** What to work on **
Print everything in the records exactly. Leave the pictures out.
══ Data to examine ══
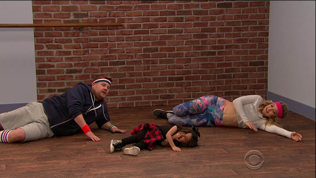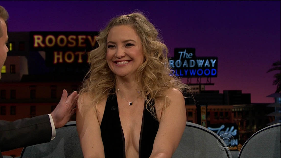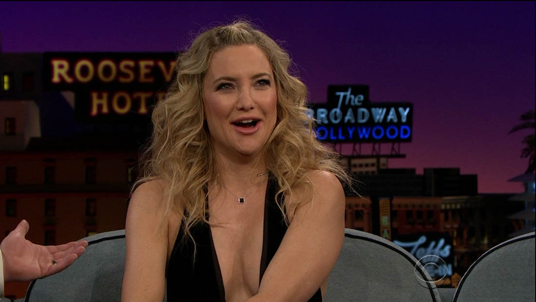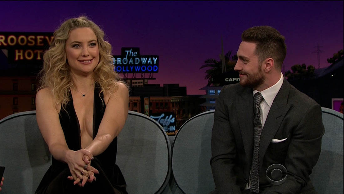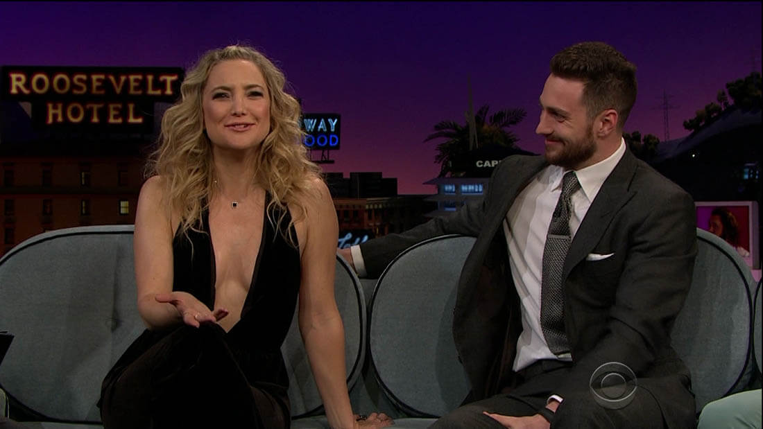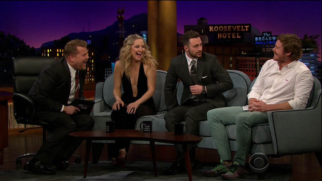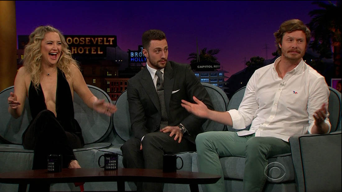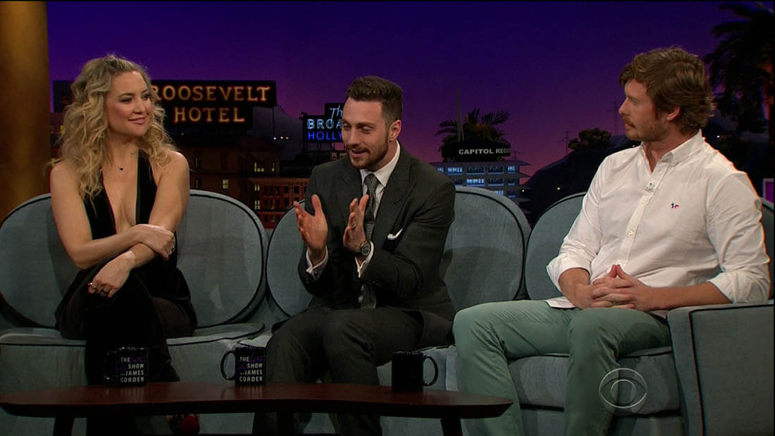 Kate Hudson was on with James Corden last night. Aaron Taylor-Johnson and Anders Holm were the other guests. As far as I know, Kate is not promoting a movie. She seems to be promoting her lifestyle, specifically fitness. I think? Because there was a lot of talk about exercising in this interview and then she shows them her favourite move and they all get down on the floor to do the “clam”. I love how game ATJ is for this.
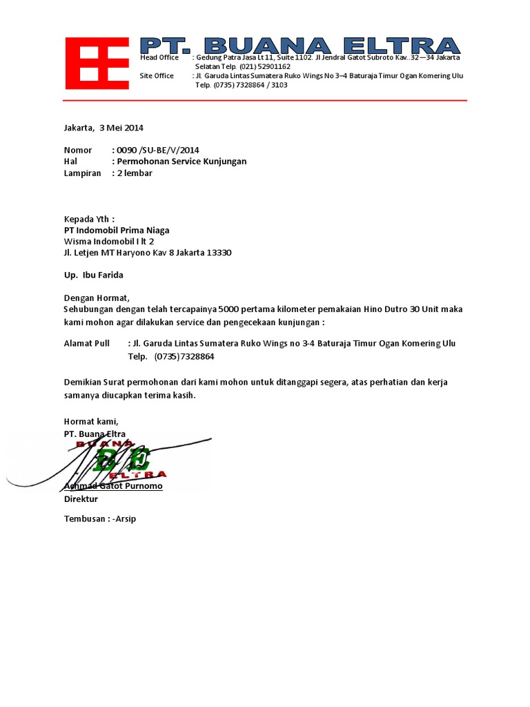 Surat Permohonan Service Kunjungan
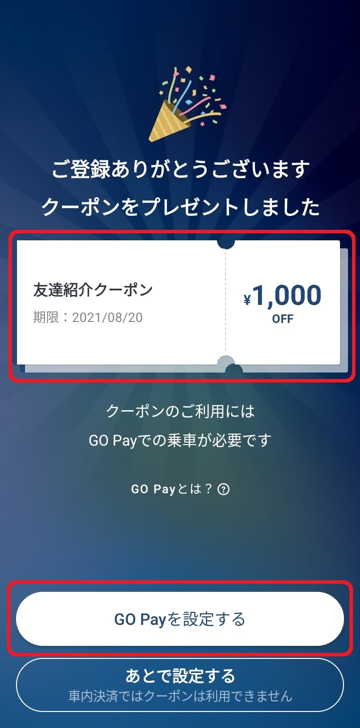 F登録が完了して、クーポンが付与されます。続いて、「GO Payを設定する」をタップ
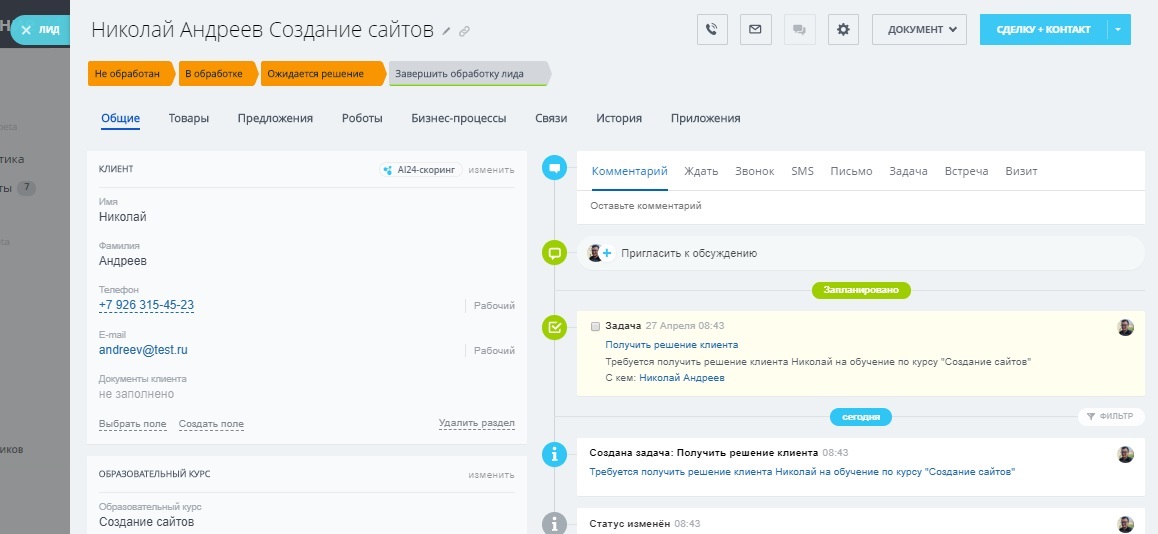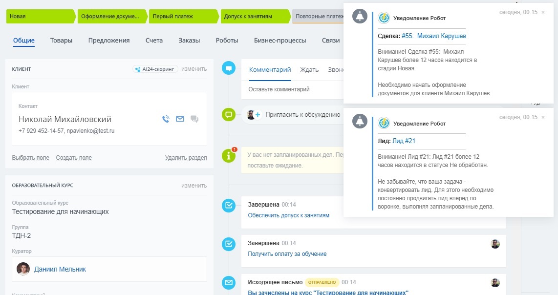 После регистрации активируются роботы переименования лида (по имени клиента и названию образовательного курса), уведомлений и контроля его своевременной обработки.
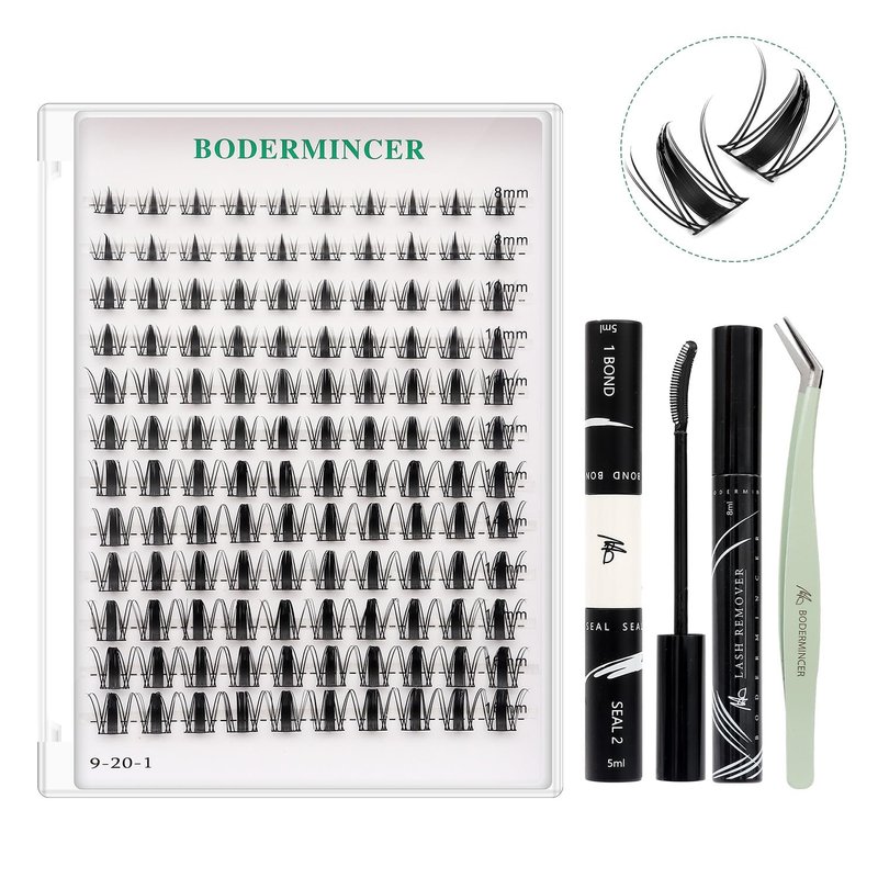 - Easy-Application Tips: Gentlely roll the lash band down with tweezers; Apply lash bond on your natural eyelashes; Place the lash clusters underneath your lashes; Use lash seal brush to lockProfessional Eyelashes Extension: BODERMINCER as a professional eyelash designer brand, we are committed to providing chic products, aimed at adding more glamour to our customers.
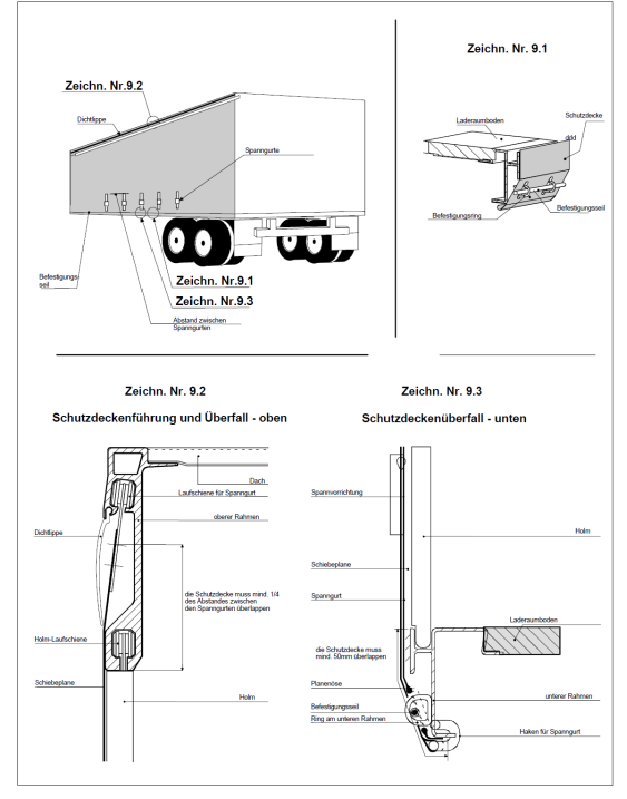- (iii) Die Führung der Schiebeplane und andere bewegliche Teile müssen so zusammengefügt sein, dass zollamtlich verschlossene Türen und andere bewegliche Teile nicht ohne Hinterlassung sichtbarer Spuren von außen geöffnet oder geschlossen werden können. Die Führung der Schiebeplane und andere bewegliche Teile müssen so zusammengefügt sein, dass der Zugang zum Behälters ohne Hinterlassung sichtbarer Spuren nicht möglich ist. Das System ist in Zeichnung 9 im Anhang zu diesen Bestimmungen dargestellt.
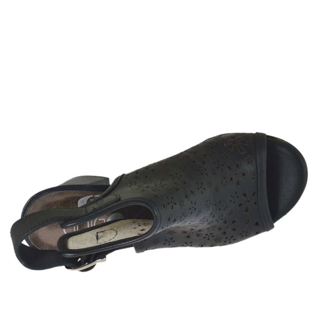 Sandale haute à la cheville pour femmes, 7 cm. haut talon, en cuir perforé noir, semelle en cuir, doublure en cuir. Disponible dans les petites et grandes pointures.
═══
** Answer below **
 Kate Hudson was on with James Corden last night. Aaron Taylor-Johnson and Anders Holm were the other guests. As far as I know, Kate is not promoting a movie. She seems to be promoting her lifestyle, specifically fitness. I think? Because there was a lot of talk about exercising in this interview and then she shows them her favourite move and they all get down on the floor to do the “clam”. I love how game ATJ is for this.
 Surat Permohonan Service Kunjungan
 F登録が完了して、クーポンが付与されます。続いて、「GO Payを設定する」をタップ
 После регистрации активируются роботы переименования лида (по имени клиента и названию образовательного курса), уведомлений и контроля его своевременной обработки.
 - Easy-Application Tips: Gentlely roll the lash band down with tweezers; Apply lash bond on your natural eyelashes; Place the lash clusters underneath your lashes; Use lash seal brush to lockProfessional Eyelashes Extension: BODERMINCER as a professional eyelash designer brand, we are committed to providing chic products, aimed at adding more glamour to our customers.
- (iii) Die Führung der Schiebeplane und andere bewegliche Teile müssen so zusammengefügt sein, dass zollamtlich verschlossene Türen und andere bewegliche Teile nicht ohne Hinterlassung sichtbarer Spuren von außen geöffnet oder geschlossen werden können. Die Führung der Schiebeplane und andere bewegliche Teile müssen so zusammengefügt sein, dass der Zugang zum Behälters ohne Hinterlassung sichtbarer Spuren nicht möglich ist. Das System ist in Zeichnung 9 im Anhang zu diesen Bestimmungen dargestellt.
 Sandale haute à la cheville pour femmes, 7 cm. haut talon, en cuir perforé noir, semelle en cuir, doublure en cuir. Disponible dans les petites et grandes pointures.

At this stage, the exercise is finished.